Me pregunto si voy a volver a afeitarte, si voy a volver a escucharte, si voy a volver a verte sonreír. Tengo un nudo en la garganta y no quiero hacer ruido para no despertar a los que sí duermen. Porque sé que vos no dormís, Víctor. Se que estás navegando entre tanto dolor, entre tanto pasado y entre tantas preguntas. Y miro el suero y miro el brazo y quiero acariciarte y quiero llorar. Tic, tac, cayó. Tic, tac, cayó. Tic, tac, cayó. Tic, cayó, tac.

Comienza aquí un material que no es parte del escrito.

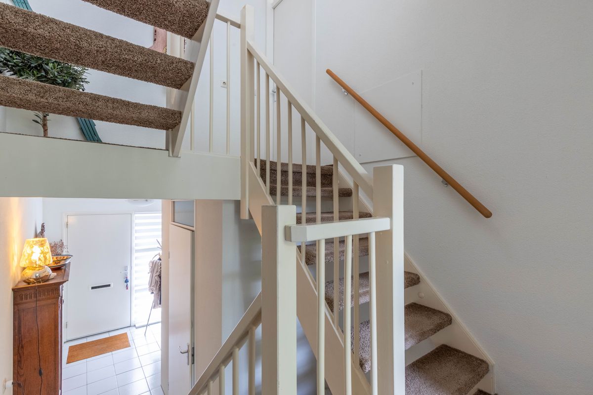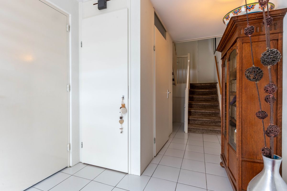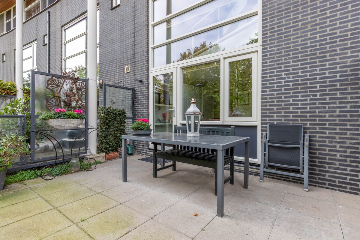 Via het trappenhuis komt u op de volgende laag, het dakterras aan de voorzijde van de woning. Deze ligt op het westen en dus heerlijk op de zon.
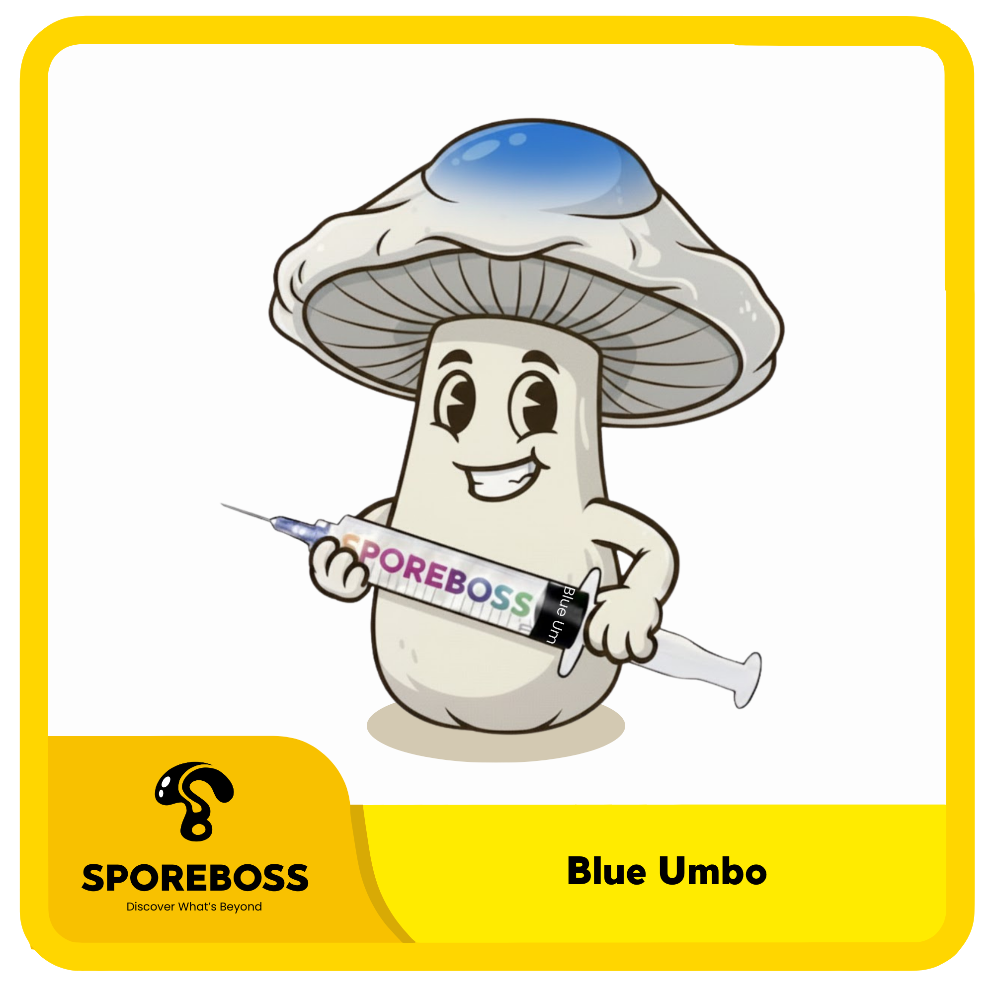 Blue Umbo is an albino isolation of Yellow Umbo (Jack Frost x P. natalensis). Isolated by Yoshi Amano. Named for it blue “nipple” tip, otherwise known as the umbo of the mushroom cap. Unlike Yellow Umbo, Blue Umbo is albino, so it ejects no spores. Sometimes a blue bullseye is visible on the top of the caps.

"¡Ooooy!", me seguís diciendo cada vez con menos fuerza, cada vez con menos ganas de vivir. Lo sé. Faltan horas para poder darte una pastilla y movés el brazo de nuevo, y miro el suero de nuevo, y miro tus ojos de nuevo, ojos que ya no pueden ver pero sí pueden llorar. Tic, tac, cayó. Tic, tac, cayó. Tic, tac, cayó. Tic, cayó, tac.

Miro el reloj y apenas pasaron cinco minutos. Cinco minutos. Son las once menos cuarto de la noche y tengo que cuidar a Babu hasta las dos y media de la mañana. El tiempo va a pasar rápido. Seguro.

viernes, 14 de mayo de 2010

Últimos días con mi abuelo (II)

Los milagros cambian de forma. Se adecúan a nuestra edad, a nuestras ideas y también a nuestra realidad. Hoy, mi milagro tiene las manos de mi abuelo.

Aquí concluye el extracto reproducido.